In this paper, a linear multikernel identity authentication method named UAMKL is proposed based on two kinds of features: keyboard and mouse. This method maps the different kernel functions corresponding to two kinds of keyboard and mouse features, and different kernel functions are combined into a new kernel function, and then the kernel function is applied to the classifier. The mouse and keyboard features in identity authentication are suitable for different kernel functions, due to their heterogeneity, and the appropriate kernel function mapping and combination can effectively achieve dual-index authentication and greatly improve the authentication accuracy and other performances. Moreover, the proposed method is applied to single index authentication, and the authentication accuracy is higher than other algorithms. In this paper, three groups of experiments are carried out for mouse features, keyboard features, and fusion features.

The experimental analysis shows that the results are radically different based on the time-slice of segmentation. The best time-slice selection of mouse features, keyboard features, and fusion features is 5 min. In addition, compared with other algorithms, no matter using a single index or a combination of mouse and keyboard features, the method proposed in this paper has higher authentication accuracy, and the overall accuracy standard deviation of users is lower. Through the comparison of several groups of experiments, the best experimental results come from the algorithm proposed in this paper; the result of the accuracy is 89.6%, which is much higher than the best effect of other methods.

5.2. Future Work

Generally, few studies have applied the dual features of mouse and keyboard to user authentication. The proposed method has achieved impressive results; there are many shortcomings in this experiment, which do not take into account more external environmental factors, but the method of feature recognition in this paper has satisfactory recognition requirement, although these biometric recognition techniques are generally considered to be not suitable for identifying people.
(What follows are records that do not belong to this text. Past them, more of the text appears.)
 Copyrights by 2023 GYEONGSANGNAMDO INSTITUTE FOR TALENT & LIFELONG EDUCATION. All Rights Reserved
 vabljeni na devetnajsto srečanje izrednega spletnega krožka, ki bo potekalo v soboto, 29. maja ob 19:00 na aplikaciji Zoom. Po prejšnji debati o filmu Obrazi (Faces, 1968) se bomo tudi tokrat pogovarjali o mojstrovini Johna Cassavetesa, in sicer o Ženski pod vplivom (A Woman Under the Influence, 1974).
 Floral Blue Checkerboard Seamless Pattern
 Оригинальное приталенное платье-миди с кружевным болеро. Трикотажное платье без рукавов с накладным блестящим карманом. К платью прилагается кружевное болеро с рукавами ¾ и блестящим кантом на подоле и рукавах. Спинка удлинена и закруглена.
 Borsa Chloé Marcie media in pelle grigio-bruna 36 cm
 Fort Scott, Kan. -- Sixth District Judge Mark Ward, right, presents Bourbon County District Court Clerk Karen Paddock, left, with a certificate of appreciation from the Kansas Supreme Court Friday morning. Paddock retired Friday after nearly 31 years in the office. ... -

We believe that the proposed method has effectiveness and strong expansibility when we fuse more biological features by a new kernel, but it needs further improvement to be applied to practice. The future optimization direction will focus on commercial applications, for instance, considering that different models can be established for different types of active windows, because the operations of users in different scenarios are very different, considering combining with newer intelligent devices, such as voice control devices, and evaluating the impacts of personality on the generation model to complete the certification accurately and quickly. In conclusion, it is hoped that the results of this paper can promote further research and realize the wide applications of mouse and keyboard features as soon as possible.

Data Availability

The metadata used to support the findings of this study have not been made available because no agreement was obtained from the data participants.

Conflicts of Interest

The authors declare that there are no conflicts of interest regarding the publication of this paper.

Acknowledgments

This work was financially supported by the National Key R&D Program of China (Grant no. 2017YFB0802703), Beijing Natural Science Foundation (Grant no. 4202002), and the research project of the Department of Computer Science in BJUT (Grant no. 2019JSJKY004).